EXERCISE DESCRIPTION = Copy out all of the lines below exactly; the pictures do not belong in the copy.

(RAW DATA begins)

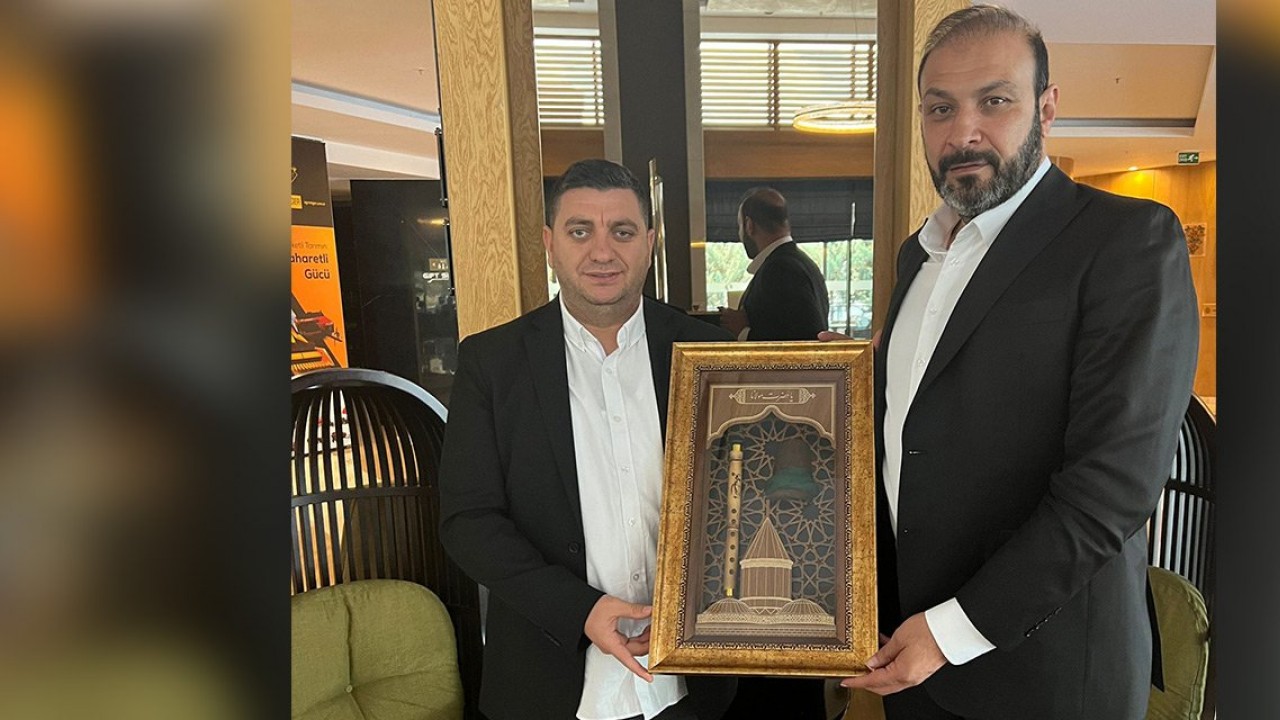 İş adamı Osman Öztürk, Başkan Haçım İzol’a günün hatırası için Mevlana Müzesi tablosu hediye etti.
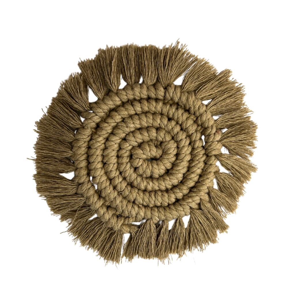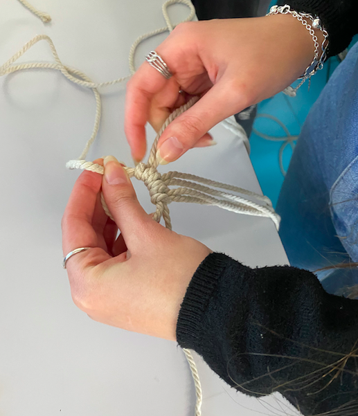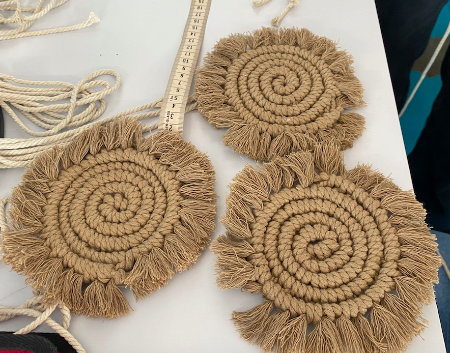- Utilizaremos las técnicas de macramé con la estructura de los posavasos asegurando que los nudos y vueltas queden firmes e uniformes.
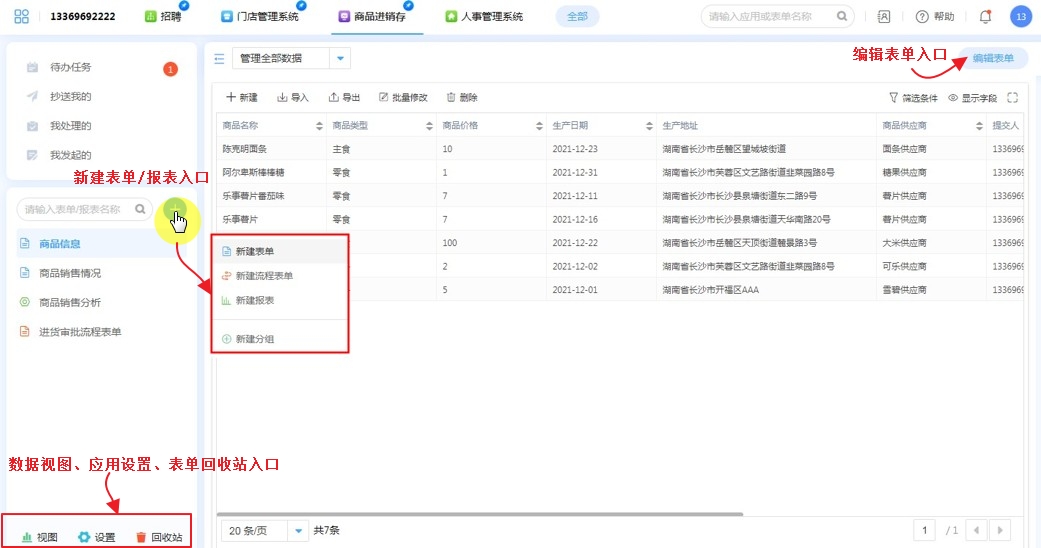 支持模糊搜索当前账号下所有表单/报表,以及应用。点击搜索结果即可访问。

(RAW DATA ends)

RESPONSE AREA =
 İş adamı Osman Öztürk, Başkan Haçım İzol’a günün hatırası için Mevlana Müzesi tablosu hediye etti.
- Utilizaremos las técnicas de macramé con la estructura de los posavasos asegurando que los nudos y vueltas queden firmes e uniformes.
 支持模糊搜索当前账号下所有表单/报表,以及应用。点击搜索结果即可访问。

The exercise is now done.